I have some data that has come from some monte carlo simulations and basically I want to reduce my initial dataset (quite large) to a smaller one so plotting is easier. The data I want is represented in strings and there can be multiple entries for each simulation, but there is a chance that every string I want may not have been output during that specific simulation. In this case I would like for that to be represented in a column as a '0'.
Basically I would like for the following to happen:
Run_Number Event
1 1 A
2 1 A
3 1 B
4 1 C
5 2 A
6 2 A
7 2 B
8 3 A
Becomes:
Run_Number A_cnt B_cnt C_cnt
1 1 2 1 1
2 2 2 1 0
3 3 1 0 0
I've tried grouping the data by the event type and grabbing the size of each event, but if a certain event never happens then I won't get a value for that event and I will end up with incompatible column lengths.

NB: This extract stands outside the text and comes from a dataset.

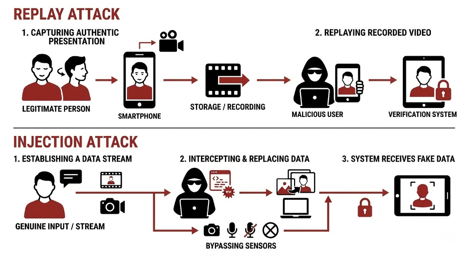 As liveness detection matured and spoofing/replay attacks became easier to detect, threat actors shifted toward more sophisticated techniques. This led to the rise of injection attacks, which target the verification pipeline instead of the sensor. Instead of fooling the sensors by presenting falsified media to a camera or microphone, injection attacks feed prerecorded, manipulated, or synthetic biometric data directly into the application or API. This makes the system believe the input is legitimate, since the injected data is a bit-for-bit replica of the source media and is of high quality.

Here is what I am doing, but it is pretty slow
dataframe_collection = {}
#error is one of 3 cases I'm running
for error in Blue['Error_Profile']:
error_df = Blue.loc[Blue['Error_Profile'] == error]
Blue_foo = error_df.groupby(['Run_Number', 'Event_Type'], as_index=False).size()
Blue_bar = error_df.groupby(['Run_Number', 'Result'], as_index=False).size()
nRuns_blue = Blue['Run_Number'].unique()
nEventA_blue = []
nEventB_blue = []
nEventC_blue = []
nEventD_blue = []
for run in nRuns_blue:
eventA= Blue_foo[(Blue_foo['Run_Number'] == run) & (Blue_foo['Event_Type'] == 'A')]
eventB= Blue_foo [(Blue_foo ['Run_Number'] == run) & (Blue_foo ['Event_Type'] == 'B')]
eventC= Blue_foo [(Blue_foo ['Run_Number'] == run) & (Blue_foo ['Event_Type'] == 'C')]
eventD= Blue_bar [(Blue_bar ['Run_Number'] == run) & (Blue_bar ['Result'] == 'D')]
nEventA_blue append(0) if eventA.empty else nEventA_blue.append(eventA['size'].item())
nEventB_blue.append(0) if eventB.empty else nEventB_blue .append(eventB['size'].item())
nEventC_blue.append(0) if eventC.empty else nEventC_blue.append(eventC['size'].item())
nEventD_blue.append(0) if eventD.empty else nEventD_blue.append(eventD['size'].item())
data = {'A_cnt': nEventA_blue , 'B_cnt': nEventB_blue , 'C_cnt': nEventC_blue , 'D_cnt': nEventD_blue }
dataframe_collection[error] = pd.DataFrame(data, index=nRuns_blue)